Science Speaks covered AIDS 2014 with live coverage and guest posts and is continuing this week with insights on issues raised during the week. The following post is by Helen Cornman, Deputy Director, AIDSFree, JSI
When I first started working in HIV in 1988, I was a young social work student who believed the counseling and HIV prevention education programs that I was involved with actually worked. I was surrounded by other social workers who were the backbone of those early prevention and care programs in the U.S. Those programs offered services to those who often needed the most basic services: assistance navigating the health care system, a hot meal delivered, funeral arrangements, a compassionate bedside counsel, or just a caring hand. I was mentored and surrounded by many powerful social workers who were revered within the HIV world and honored at the conferences alongside the medical researchers and policy advocates.

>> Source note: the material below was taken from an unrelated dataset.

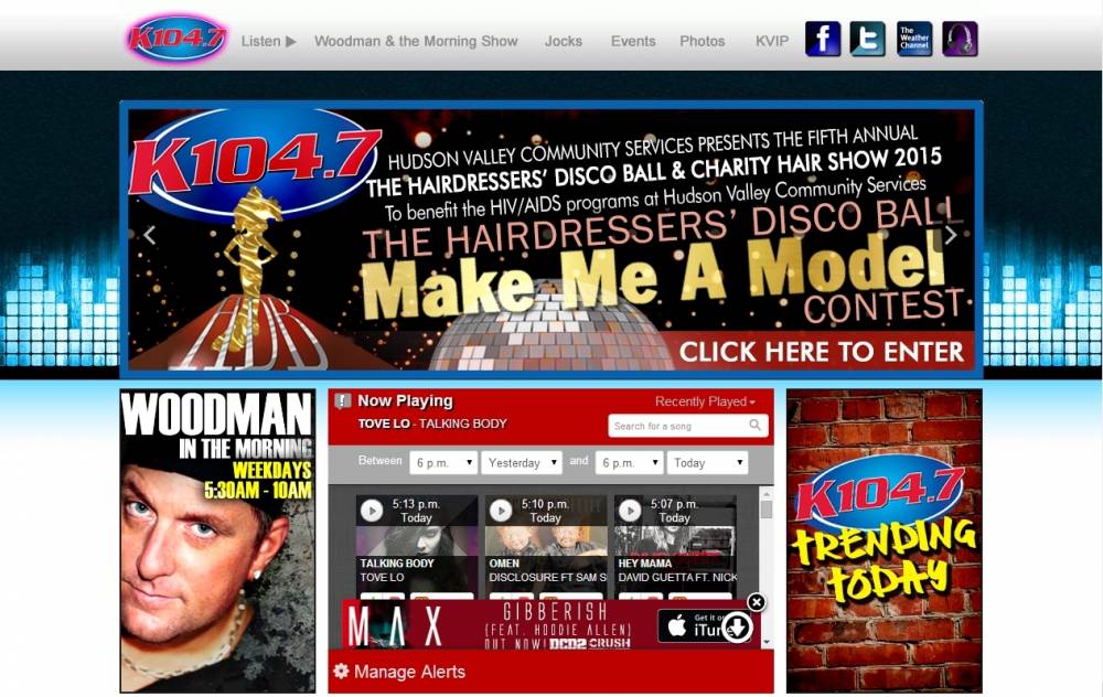 K-104 is one of the few Hudson Valley radio stations (along with co-owned WHUD) that is live 24/7. This allows much better audience interaction than can be found on its voice tracked competitors. Many other Hudson Valley stations, notably Clear Channel stations, are voice-tracked virtually all day long, with almost nobody inside a building that's home to 14 stations.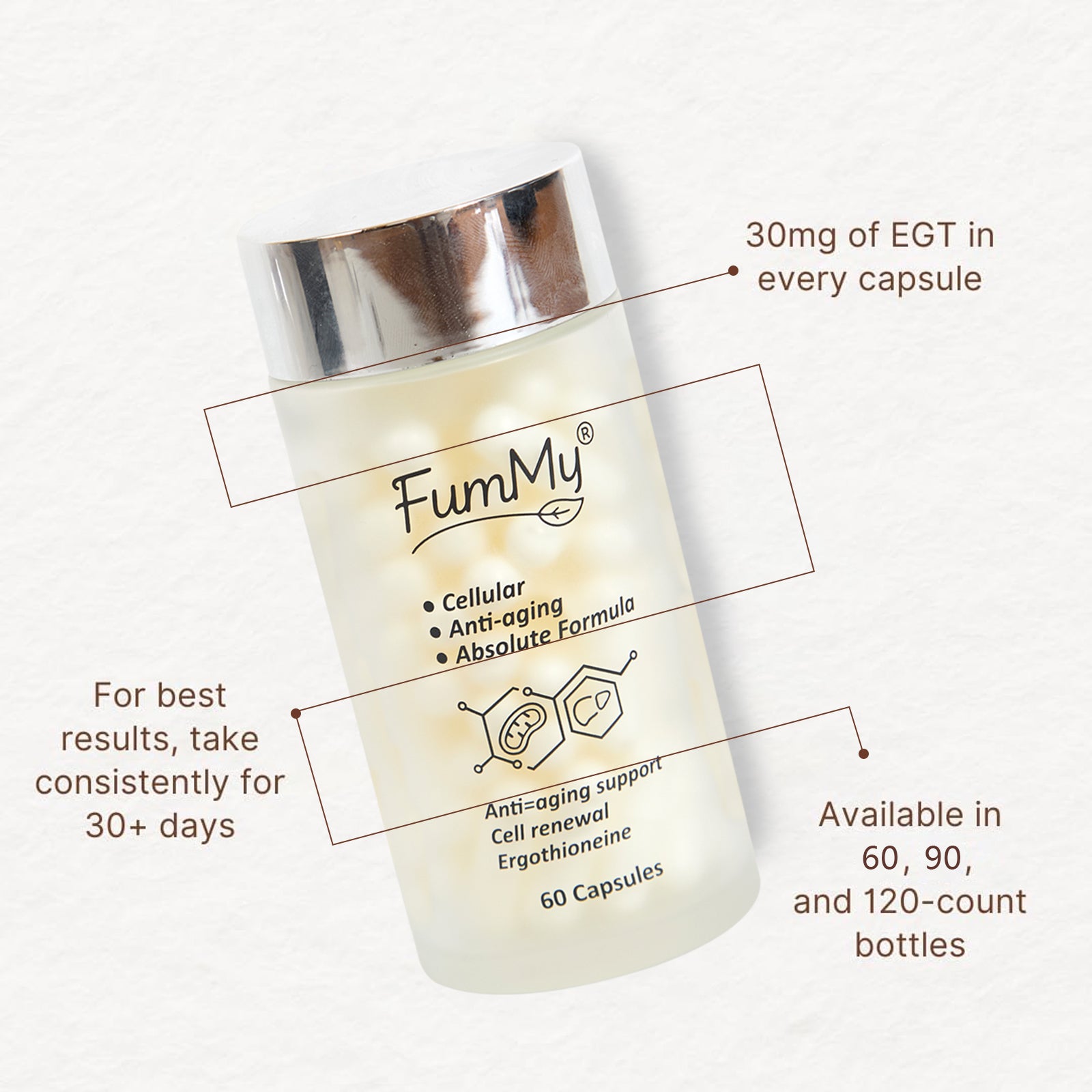 Fummy L-Ergothioneine 60 capsules per bottle Cellulare Anti-aginge Absolute Formula Anti-aging support Cell renewal, Ergothioneine Heart Health & Brain Supplement Lab Tested Made in USA 0.5mg/cps. (120 pcs)

When I began working in the international HIV arena in the early 90’s, I immediately noticed a difference. The first few years were spent in the field where social workers have unfortunately always experienced a lower status. However, once I returned, I was dismayed and sincerely disappointed to realize that in the international HIV arena in the U.S., our status was not much better. The MD, epidemiologist, and masters in public health reigned supreme in this world and we were relegated to hiding our status. I no longer proudly acknowledged I was a social worker, but rather let most folks believe I was an MPH for years.Then, early in the 2000’s, voluntary counseling and testing surged as a possible link to prevention of mother-to-child transmission and anti-retroviral treatment programs . Suddenly there was an interest in counseling again, and social work emerged as a viable means to an end, although, it was short-lived as other biomedical combination prevention options cropped up and the field moved on. Once again counseling was seen as an afterthought.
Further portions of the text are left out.